WORK REQUIRED:
Set the pictures aside and return each record below precisely as written.

DATA EXCERPTS:
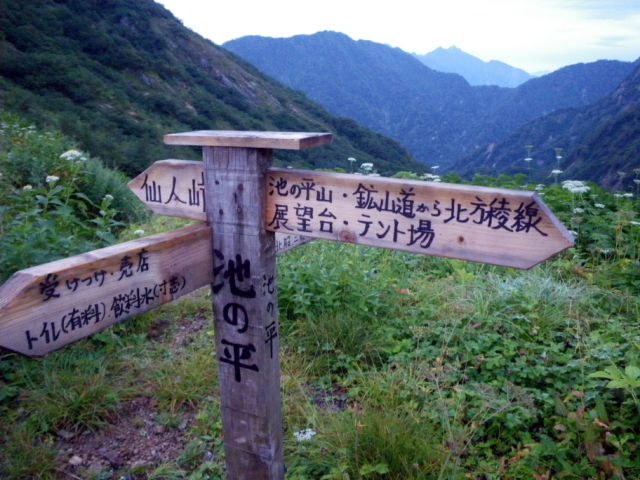 標識の向こうに針ノ木岳
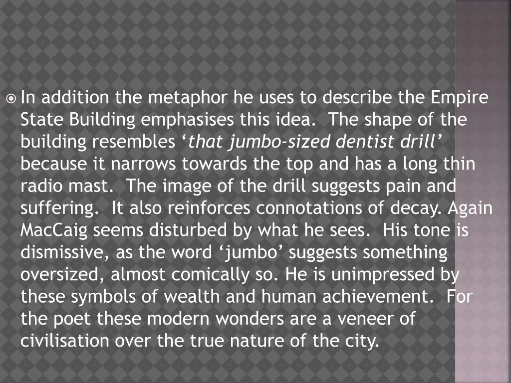 In addition the metaphor he uses to describe the Empire State Building emphasises this idea. The shape of the building resembles ‘that jumbo-sized dentist drill’ because it narrows towards the top and has a long thin radio mast. The image of the drill suggests pain and suffering. It also reinforces connotations of decay. Again MacCaigseems disturbed by what he sees. His tone is dismissive, as the word ‘jumbo’ suggests something oversized, almost comically so. He is unimpressed by these symbols of wealth and human achievement. For the poet these modern wonders are a veneer of civilisation over the true nature of the city.
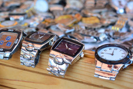 Different vintage watches on flea market in Moscow
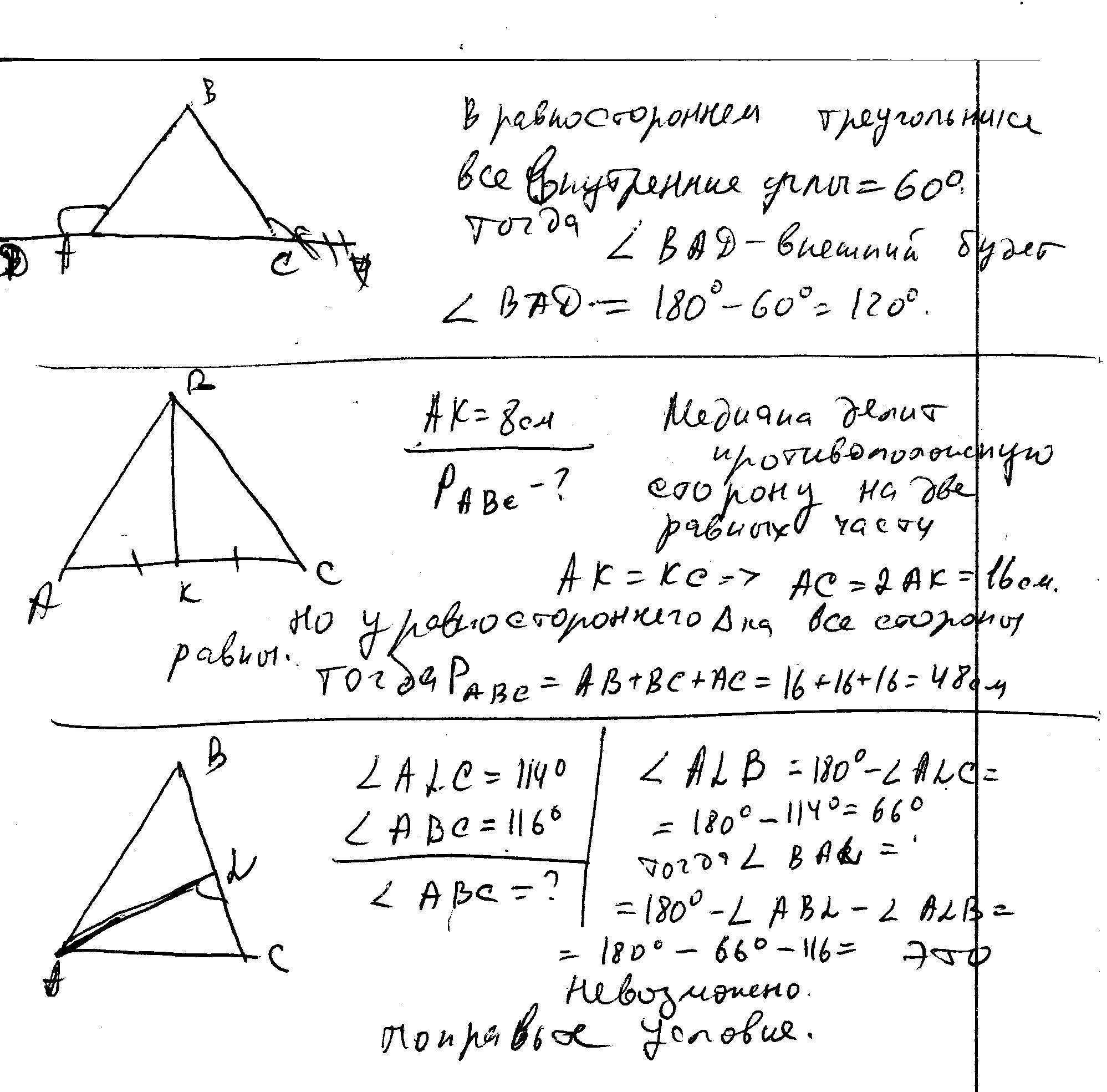 3.В треугольнике ABC проведена биссектриса AL, угол ALC равен 114°, угол ABC равен 116°. Найдите угол ABC.
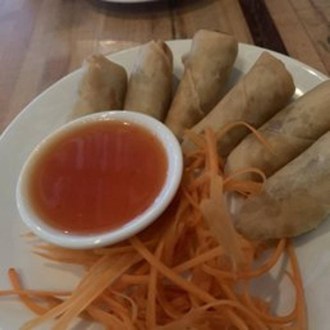 Crispy fried rolls filled with a savory mixture of glass noodles, shredded cabbage, carrots, and sometimes minced chicken or shrimp. These golden-brown appetizers offer a delightful crunch and a warm, flavorful interior, typically served with a side of sweet chili or plum dipping sauce for a balanced taste experience.

RESULT BELOW:
 標識の向こうに針ノ木岳
 In addition the metaphor he uses to describe the Empire State Building emphasises this idea. The shape of the building resembles ‘that jumbo-sized dentist drill’ because it narrows towards the top and has a long thin radio mast. The image of the drill suggests pain and suffering. It also reinforces connotations of decay. Again MacCaigseems disturbed by what he sees. His tone is dismissive, as the word ‘jumbo’ suggests something oversized, almost comically so. He is unimpressed by these symbols of wealth and human achievement. For the poet these modern wonders are a veneer of civilisation over the true nature of the city.
 Different vintage watches on flea market in Moscow
 3.В треугольнике ABC проведена биссектриса AL, угол ALC равен 114°, угол ABC равен 116°. Найдите угол ABC.
 Crispy fried rolls filled with a savory mixture of glass noodles, shredded cabbage, carrots, and sometimes minced chicken or shrimp. These golden-brown appetizers offer a delightful crunch and a warm, flavorful interior, typically served with a side of sweet chili or plum dipping sauce for a balanced taste experience.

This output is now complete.